Le plateau vocal est irréprochable, plutôt homogène. Chacun se distingue dans le quatuor masculin : le baryton Étienne Dupuis, à la voix solide et souple à la fois, campe un Marcello attachant, sensible et généreux. Alexandro Stavrakakis incarne superbement Colline de sa voix de basse profonde et noble, d'une stabilité à toute épreuve. Il est d'ailleurs très applaudi. Xiaomeng Zhang prête à Schaunard une voix de baryton sonnante et claire, qui ne manque pas d'être remarquée quoique son rôle soit moins développé. Charles Castronovo, dont la voix sait prendre une grande ampleur dans les envolées lyriques de son rôle, celui de Rodolfo, en particulier dans les deux derniers tableaux, suscite le questionnement, voire l'inquiétude au départ, restant dans certains passages bizarrement en retrait vocalement, presque couvert par l'orchestre aux deux premiers actes. Andrea Carroll est une Musette espiègle et exubérante, dont le jeu scénique ne manque pas de piquant. Son timbre clair, pointu parfois, fait merveille dans ce rôle. La soprano Nicole Car (familière du rôle qu'elle a endossée dans la production de 2017) est une Mimi émouvante, au timbre rond et chaleureux, et à la voix sachant se mouvoir avec aisance depuis de beaux graves jusque dans la lumière des aigus. Comme son partenaire de cœur, elle fait montre d'un superbe legato, se distinguant par la qualité de son émission vocale toujours nette et au-dessus de la masse orchestrale. Les interventions de la Maîtrise populaire de l'Opéra Comique sont remarquables de gaîté et d'entrain.
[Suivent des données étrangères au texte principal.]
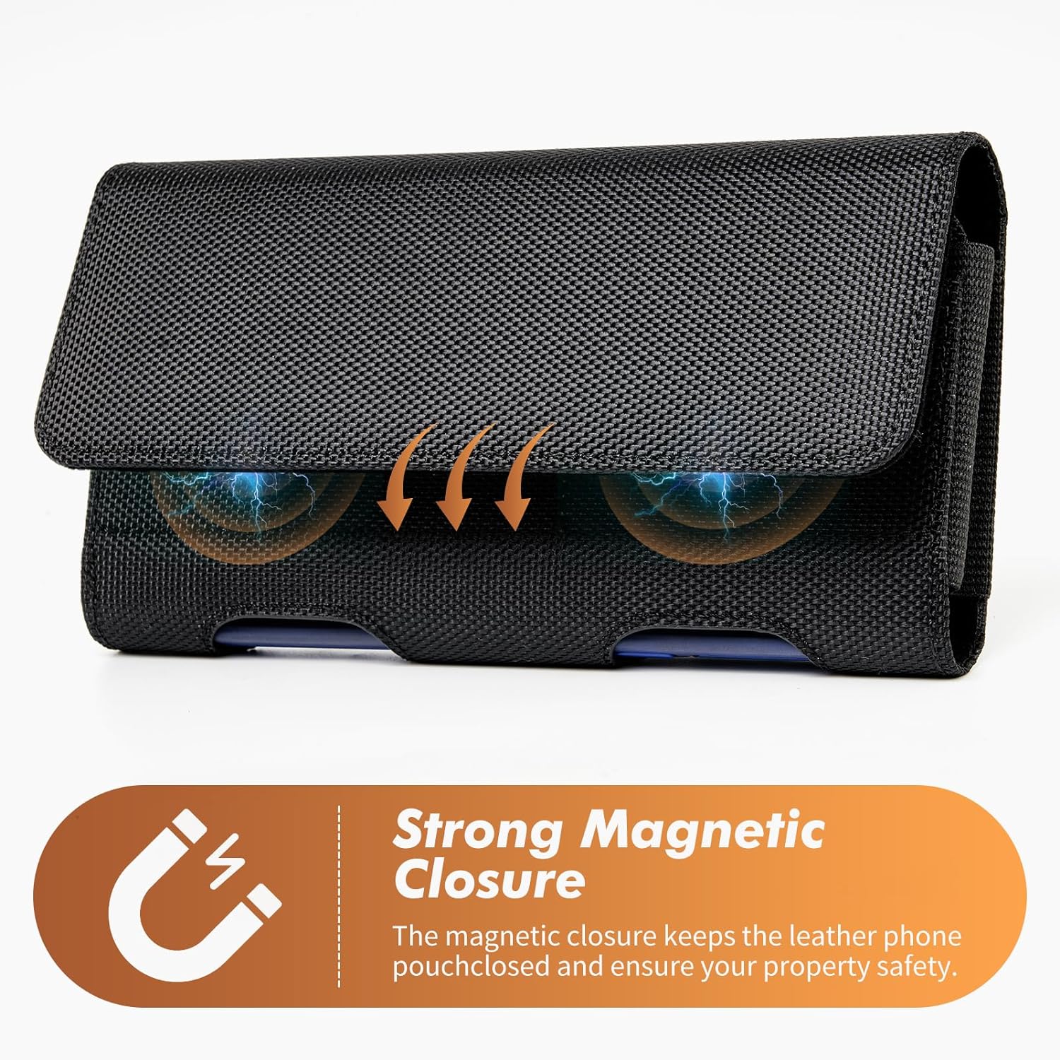 - Durable metal belt clip + 2 additional belt loops for extra security + magnetic closure. Card / ID / Cash Holder Slot - Soft inner lining helps protecting your new phone from scratches

Et enfin on apprécie le mime Virgile Chorlet dont le maître de cérémonie fantomatique, tout droit sorti de L'Étrange Noël de Monsieur Jack, évolue avec poésie entre les personnages et leurs doubles.










Renoncement aux décors d’origine qui complique la,compréhension d’une œuvre compliquée à suivre bien que très simple dans son argument (pour ne pas dire: anecdotique). Heureusement, la musique de Puccini réserve des moments forts émouvants.